Page MenuHomePhabricator

Handle property datatype changing gracefully
Open, HighPublic

Description

Pywikibot will completely break whenever T95686: [Task] write a maintenance script to migrate properties from string to new identifier datatype is used, as it caches the property datatype for one hundred years, and has done that since April 2013 rPWBC6ea6d3330829: Split getting a property's datatype into its own request so it can be cached..

The simple workaround, e.g. for people using old versions of pywikibot, is to delete the apicache each time a property datatype changes, but that isnt a user-friendly solution.

Changes that could mean Pywikibot is less impacted by this:

Pywikibot could force a cache refresh more regularly.

Ideally we detect that a property has a new datatype, and clear the relevant cache entry.

Also, Pywikibot can eliminate the reliance on getPropertyType, as many code paths already have the properties datatype from when the entity was loaded, e.g. via wbgetentities. If getPropertyType is only used infrequently, the caching can be eliminated.

Event Timeline

jayvdb created this task.Oct 16 2015, 1:56 AM
jayvdb raised the priority of this task from to High.
jayvdb updated the task description. (Show Details)
jayvdb added subscribers: jayvdb, Legoktm.
Restricted Application added subscribers: pywikibot-bugs-list, Aklapper. · View Herald TranscriptOct 16 2015, 1:56 AM
jayvdb updated the task description. (Show Details)Oct 16 2015, 2:01 AM
jayvdb set Security to None.
Multichill added subscribers: Lydia_Pintscher, hoo.
Multichill added a subscriber: Multichill.

https://gerrit.wikimedia.org/r/137737 and https://gerrit.wikimedia.org/r/227252 basically mean that getPropertyType only gets called when Property is constructed manually, right?

https://gerrit.wikimedia.org/r/137737 and https://gerrit.wikimedia.org/r/227252 basically mean that getPropertyType only gets called when Property is constructed manually, right?

Yes. Property is a parent class of Claim, so the current exposure is quite large; roughly any time a Claim is instantiated directly in order to be used with addClaim or similar. i.e. reading will likely not break, at least not frequently and probably easily fixable, however writing to Wikibase will likely be very broken.

Do we expect this to happen again? A property's datatype is supposed to be immutable, and except for this one weird case, it is. Unless we can also vary on some other constant changing, I don't see any good cache invalidation strategy here.

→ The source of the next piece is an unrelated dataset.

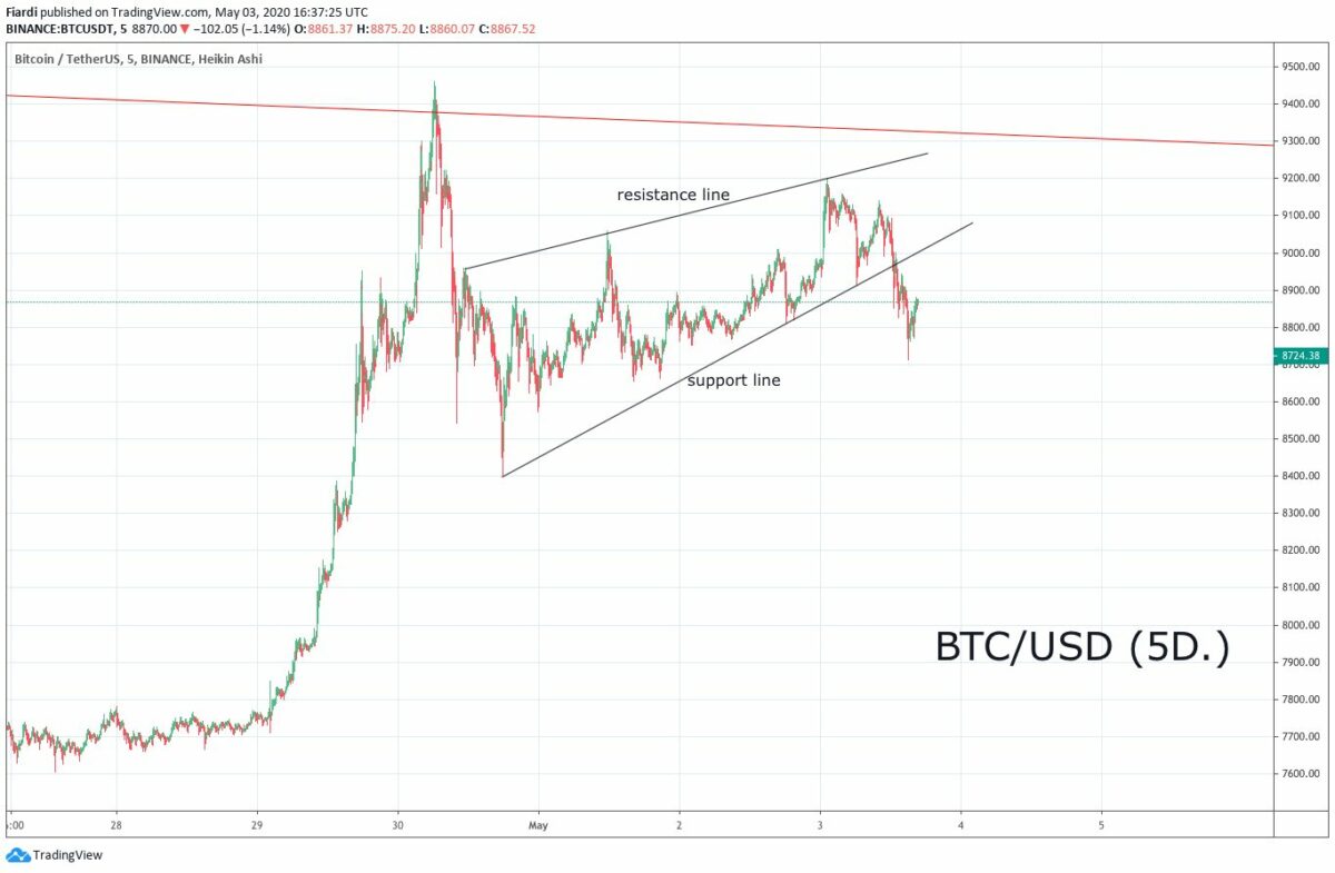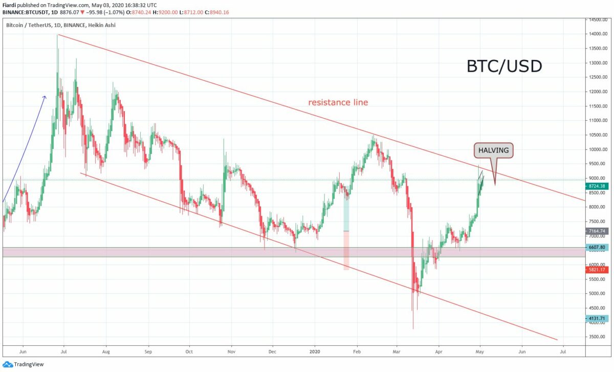 No a teď bubák! Důvod proč se analytici liší ve svých analýzách na long, či short je tento graf výše. Bullish kanál, který zde máme 2 měsíce je schovaný v téměř ročním bearish kanálu a právě hodnoty 9 450 (které jsme před pár dny viděli) narazily na resistance line bearish kanálu a bears to poslali prudce dolů o 950 USD. Mnozí analytici proto predikují, že do halvingu už nad 9 450 USD nepůjdeme a po halvingu naopak znovu spadneme. Samozřejmě je to jen názor jednoho tábora a nejde o názor obecný. Propad (stejně jako i růst) je cílem spekulace.

If we expect this kind of change to happen again, I think we should lower the cache time to 1 day and accept the minor performance hit. If not, lets just tell users to rm -rf their apicache and continue on.

On cache invalidation, we can force a refresh of the getPropertyType property-datatype mapping whenever a new datatype is encountered. What would be nice is if Wikibase provided an API call to list all datatypes, so we can detect when the list of datatypes changes. i.e. expose https://test.wikidata.org/wiki/Special:ListDatatypes via the API.
However we dont need that, as we can get the list of datatypes from the paraminfo of wbformatvalue.datatype. However we need to be mindful of T55265, if that problem hasnt been fixed yet.

The harder, and much lower exposed problem, is if pywikibot users are using CachedRequest for entities, as the cached serialisation will have the old datatype in it, not the new datatype. IMO this problem is the callers responsibility, and our solution should be "delete your apicache".

hoo added a comment.Oct 17 2015, 2:17 PM

I'm not sure what's the best to do for pywikibot here, but the plan is to perform such a change only once, on a previously discussed (thus known in advance) list of properties. Because of that, I think having a one-off solution would be ok here.

If there's anything else you need from us in order to reflect the migration in pywikibot, please let us know and we'll try to figure out a way.

I would recommend lowering the caching. We really try to not change the datatype of a property but I can't promise this will be the only time.

XZise added a subscriber: XZise.Oct 17 2015, 3:36 PM

By the way the cache time doesn't matter that much as the cached item does not store the time of expiration but the time of creation. So we could reduce the time and anyone who uses a version after that won't have cached it for about 100 years.

What would be nice is if Wikibase provided an API call to list all datatypes, so we can detect when the list of datatypes changes. i.e. expose https://test.wikidata.org/wiki/Special:ListDatatypes via the API.

I'm not too sure how this relates to this bug, but submitted https://gerrit.wikimedia.org/r/247080 for this anyways.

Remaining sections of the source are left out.